# UHS MCAT 2013 Application Date



## sapphires (May 27, 2013)

AOA
I need some help. I want to know when we need to apply for MCAT this year. I will go to lahore in the beginning of August. Do you think I will be able to make the equivalence certificate for O and A levels from IBCC? How long do they take? And when do we apply for MCAT entrance exam? Is there a specific deadline? 
Thank you very much.


----------



## KRRISH (Oct 6, 2012)

admissions will start in august... and test will be in september...


----------



## sapphires (May 27, 2013)

But what about the O and A level equivalence certificate. Will I have time to make it? Do they take a lot of time? 
Thank you so much.


----------



## Acer (May 24, 2013)

They usually take 1 week to make Equivalence certificate but I think if you pay the urgent fees it takes 2-3 days.


----------



## sapphires (May 27, 2013)

Acer said:


> They usually take 1 week to make Equivalence certificate but I think if you pay the urgent fees it takes 2-3 days.
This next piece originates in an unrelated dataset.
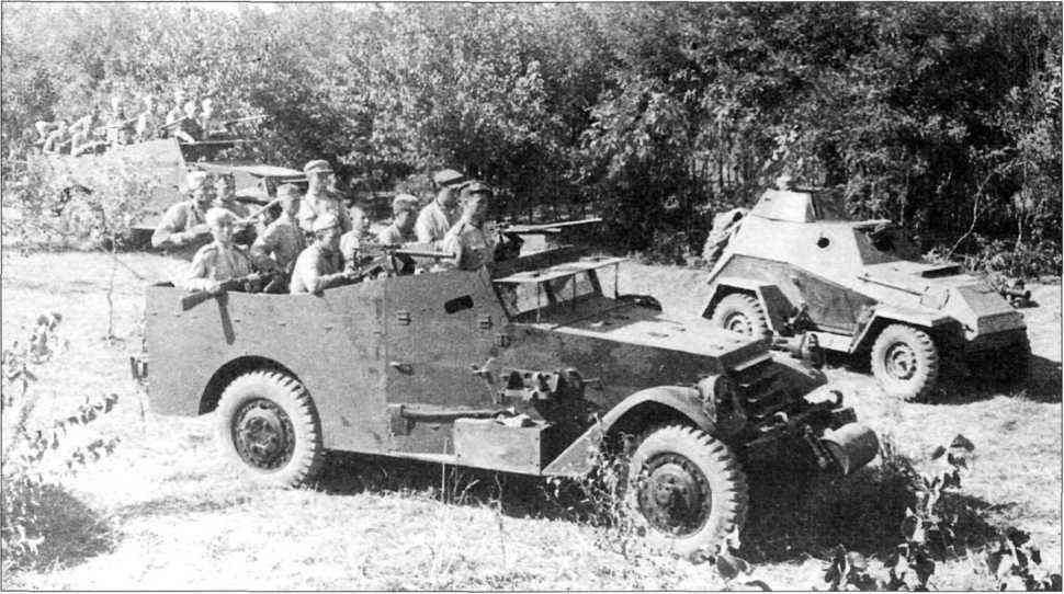 Бронетранспортёр МЗА1 «Скаут кар» гвардии подполковника И. И. Гусаковского (слева), командира 44-й танковой бригады 1-й танковой армии 4-го Украинского фронта, январь 1944 года.

Really? Thank you. But please tell me you have had experience with this procedure. 
Thank you so much, one again.


----------



## Acer (May 24, 2013)

I sent my documents and O levels certificate to Pakistan and InshaAllah tomorrow they will be submitted to IBCC. I hope they make a good percentage for me 
You will find almost all the details over here:*

http://www.ibcc.edu.pk/Downloads/Form.doc
*


----------



## sapphires (May 27, 2013)

Acer said:


> I sent my documents and O levels certificate to Pakistan and InshaAllah tomorrow they will be submitted to IBCC. I hope they make a good percentage for me
> You will find almost all the details over here:


Thank you so much. Jazak-Allahu Khairan.


----------